Now that's just hyperbole, he's not THAT bad. He's only called bad because he's not in his 20s pulling out the blast beats enough.
He's bang average, and for some mind-boggling reason, plays arseways, following the guitars. His best skills were always his business mind, and ruthlessness.
 
Unlucky for you, as i saw them the next day at Donington and they were amazing. I've seen them live about 6 times now at various festivals and i think they've been great every time. For me, one the best... and most importantly... consistent live bands iv'e seen.
 
Been with Metallica since the early days.

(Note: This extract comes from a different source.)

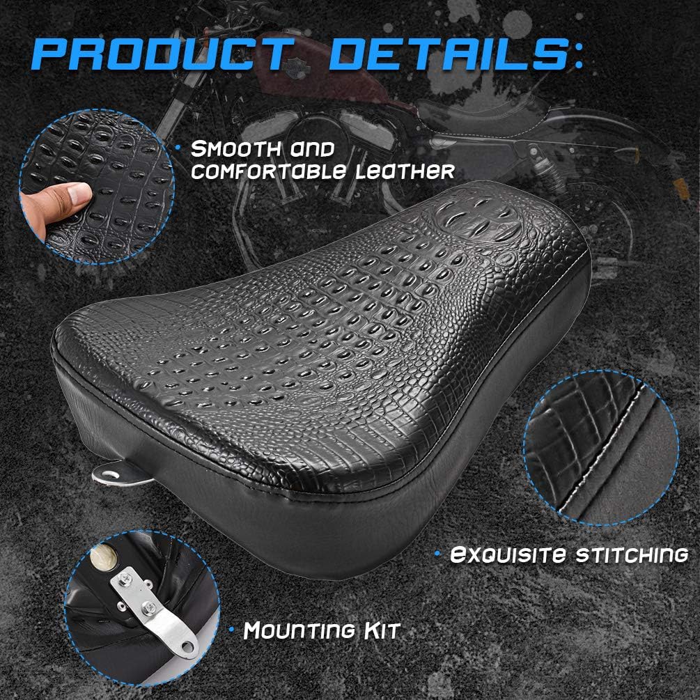 - ★ 【Schwarzes Krokodil-Oberflächendesign】 Verfügt über ein detailliertes Design in dem sehr strapazierfähigen synthetischen Motorrad-Solo-Sitzkissen. Präzise Krokodil-Oberfläche, bringt ein zufriedenstellendes Fahrerlebnis für Sie, lässt Sie

Played in a Metallica tribute band late 80's early 90's

Still listen to them and when I can be bothered to plug in I find myself playing their stuff.

4 out of 5 folk wanted a refund :boring:

For those of us that have been covered in piss and shit at real festivals - I feel sorry for the kids (and I include mine) that think they are even going to a festival.

Proper gig....(turn it up).........


Quality. What it's about. Said while I was watching Arcade Fire earlier (Admittedly extremely different than Metallica) how there's kids slagging them off that haven't listened to a full album (of anyone's) in their life, yet they criticize these major acts that are headlining one of the biggest festivals there is. Best thing is to ignore them - proper music fans know Metallica will own that place tomorrow night.

Out of interest what did you play in the tribute band? Who's role?